Your assignment | Print the records below word for word, but leave out the pictures.

Records contained in a dataset
+++++
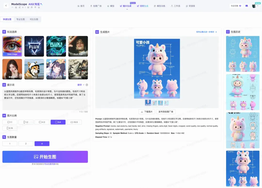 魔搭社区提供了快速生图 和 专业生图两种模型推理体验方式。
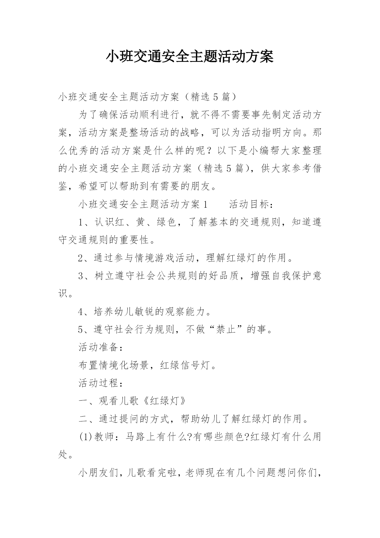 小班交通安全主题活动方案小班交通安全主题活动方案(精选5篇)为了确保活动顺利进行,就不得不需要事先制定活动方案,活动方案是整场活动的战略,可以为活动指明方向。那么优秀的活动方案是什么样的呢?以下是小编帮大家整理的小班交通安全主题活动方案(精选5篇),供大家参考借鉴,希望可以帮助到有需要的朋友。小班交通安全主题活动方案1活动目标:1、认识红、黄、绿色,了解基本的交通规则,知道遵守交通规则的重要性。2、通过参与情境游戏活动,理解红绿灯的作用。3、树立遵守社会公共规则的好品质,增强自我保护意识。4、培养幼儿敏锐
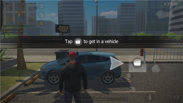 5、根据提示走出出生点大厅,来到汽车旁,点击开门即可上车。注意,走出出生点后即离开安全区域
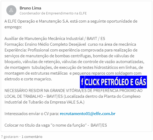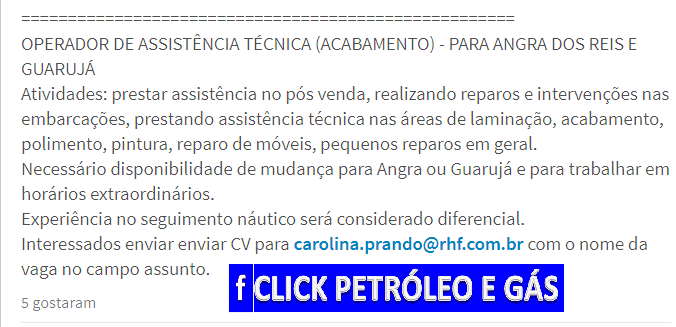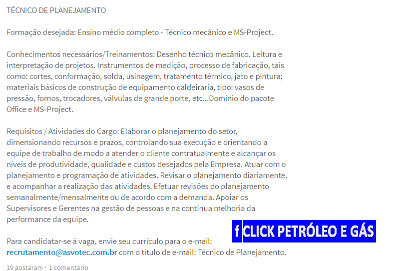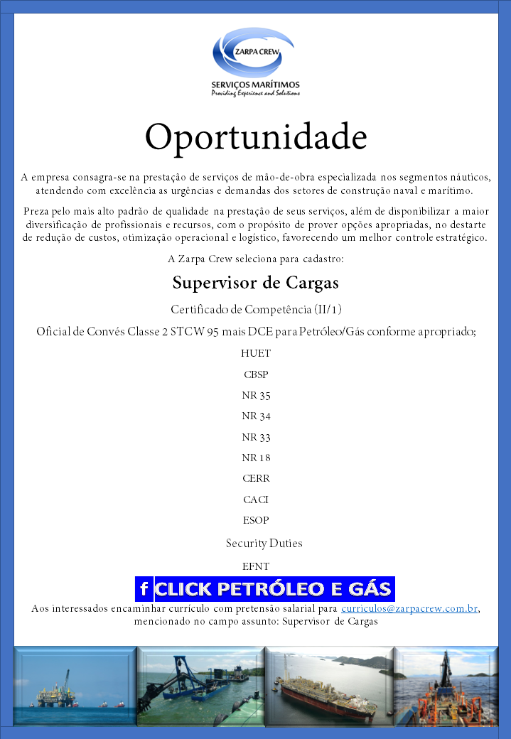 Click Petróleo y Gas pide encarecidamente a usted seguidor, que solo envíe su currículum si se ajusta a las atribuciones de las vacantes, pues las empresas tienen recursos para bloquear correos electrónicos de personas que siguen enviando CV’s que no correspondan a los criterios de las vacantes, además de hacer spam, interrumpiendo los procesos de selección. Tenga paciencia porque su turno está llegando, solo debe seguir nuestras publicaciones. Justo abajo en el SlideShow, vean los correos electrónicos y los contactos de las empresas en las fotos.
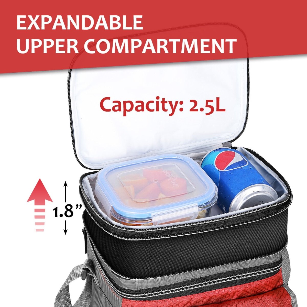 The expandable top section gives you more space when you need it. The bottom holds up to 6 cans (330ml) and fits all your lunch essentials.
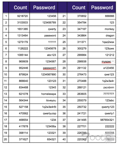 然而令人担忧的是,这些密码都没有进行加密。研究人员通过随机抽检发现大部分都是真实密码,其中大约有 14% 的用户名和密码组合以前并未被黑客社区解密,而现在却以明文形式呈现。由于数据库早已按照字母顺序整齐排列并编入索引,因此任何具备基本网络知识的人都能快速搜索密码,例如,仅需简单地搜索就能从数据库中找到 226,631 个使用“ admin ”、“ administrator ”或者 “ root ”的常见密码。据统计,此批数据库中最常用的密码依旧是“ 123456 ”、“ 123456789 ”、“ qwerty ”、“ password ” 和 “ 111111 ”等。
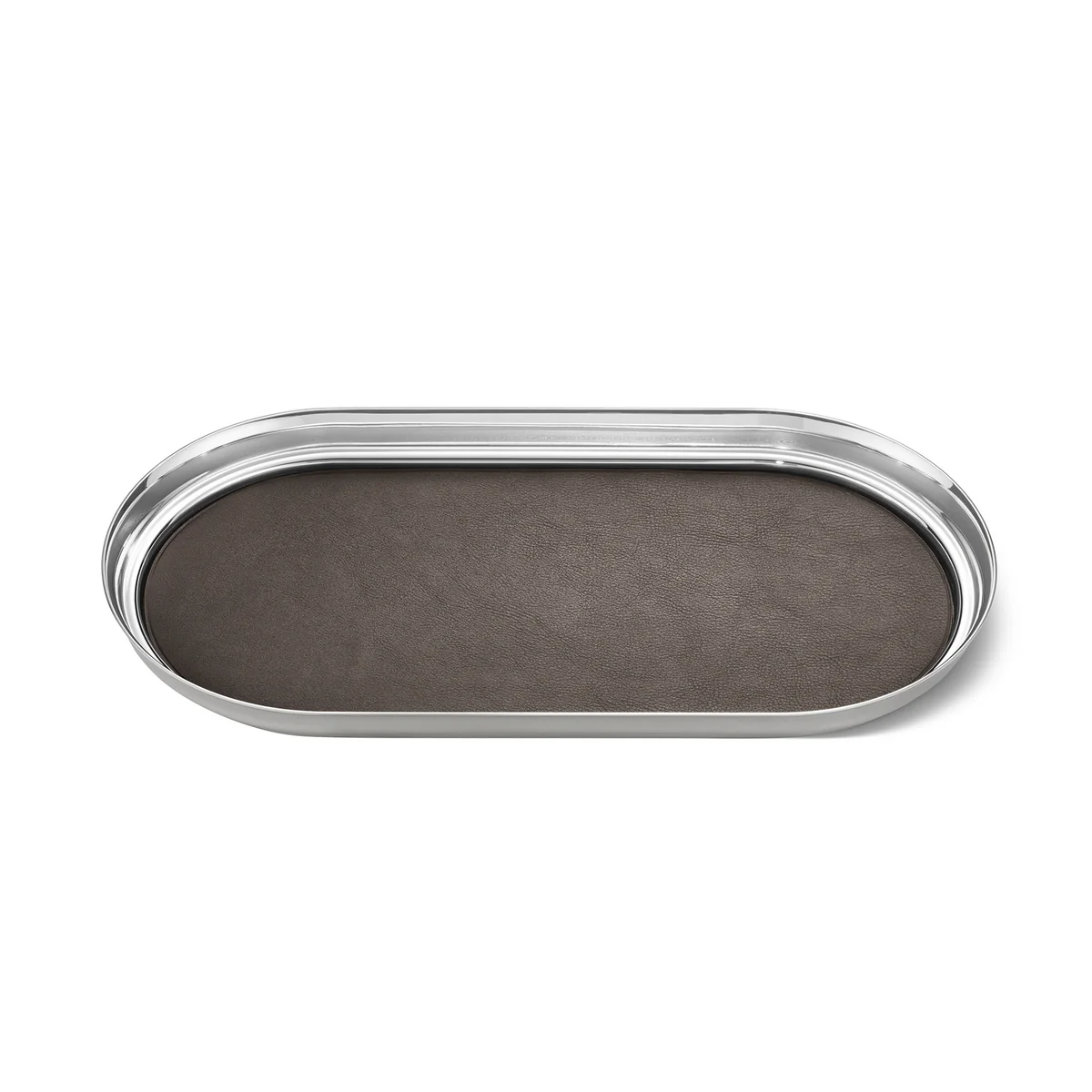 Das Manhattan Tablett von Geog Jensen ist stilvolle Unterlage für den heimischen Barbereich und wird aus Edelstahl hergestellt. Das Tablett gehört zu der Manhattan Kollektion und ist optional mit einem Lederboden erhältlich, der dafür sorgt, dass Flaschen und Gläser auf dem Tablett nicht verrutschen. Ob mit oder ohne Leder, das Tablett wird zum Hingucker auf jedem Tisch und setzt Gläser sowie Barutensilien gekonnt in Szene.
+++++
Solution for this task |
 魔搭社区提供了快速生图 和 专业生图两种模型推理体验方式。
 小班交通安全主题活动方案小班交通安全主题活动方案(精选5篇)为了确保活动顺利进行,就不得不需要事先制定活动方案,活动方案是整场活动的战略,可以为活动指明方向。那么优秀的活动方案是什么样的呢?以下是小编帮大家整理的小班交通安全主题活动方案(精选5篇),供大家参考借鉴,希望可以帮助到有需要的朋友。小班交通安全主题活动方案1活动目标:1、认识红、黄、绿色,了解基本的交通规则,知道遵守交通规则的重要性。2、通过参与情境游戏活动,理解红绿灯的作用。3、树立遵守社会公共规则的好品质,增强自我保护意识。4、培养幼儿敏锐
 5、根据提示走出出生点大厅,来到汽车旁,点击开门即可上车。注意,走出出生点后即离开安全区域
 Click Petróleo y Gas pide encarecidamente a usted seguidor, que solo envíe su currículum si se ajusta a las atribuciones de las vacantes, pues las empresas tienen recursos para bloquear correos electrónicos de personas que siguen enviando CV’s que no correspondan a los criterios de las vacantes, además de hacer spam, interrumpiendo los procesos de selección. Tenga paciencia porque su turno está llegando, solo debe seguir nuestras publicaciones. Justo abajo en el SlideShow, vean los correos electrónicos y los contactos de las empresas en las fotos.
 The expandable top section gives you more space when you need it. The bottom holds up to 6 cans (330ml) and fits all your lunch essentials.
 然而令人担忧的是,这些密码都没有进行加密。研究人员通过随机抽检发现大部分都是真实密码,其中大约有 14% 的用户名和密码组合以前并未被黑客社区解密,而现在却以明文形式呈现。由于数据库早已按照字母顺序整齐排列并编入索引,因此任何具备基本网络知识的人都能快速搜索密码,例如,仅需简单地搜索就能从数据库中找到 226,631 个使用“ admin ”、“ administrator ”或者 “ root ”的常见密码。据统计,此批数据库中最常用的密码依旧是“ 123456 ”、“ 123456789 ”、“ qwerty ”、“ password ” 和 “ 111111 ”等。
 Das Manhattan Tablett von Geog Jensen ist stilvolle Unterlage für den heimischen Barbereich und wird aus Edelstahl hergestellt. Das Tablett gehört zu der Manhattan Kollektion und ist optional mit einem Lederboden erhältlich, der dafür sorgt, dass Flaschen und Gläser auf dem Tablett nicht verrutschen. Ob mit oder ohne Leder, das Tablett wird zum Hingucker auf jedem Tisch und setzt Gläser sowie Barutensilien gekonnt in Szene.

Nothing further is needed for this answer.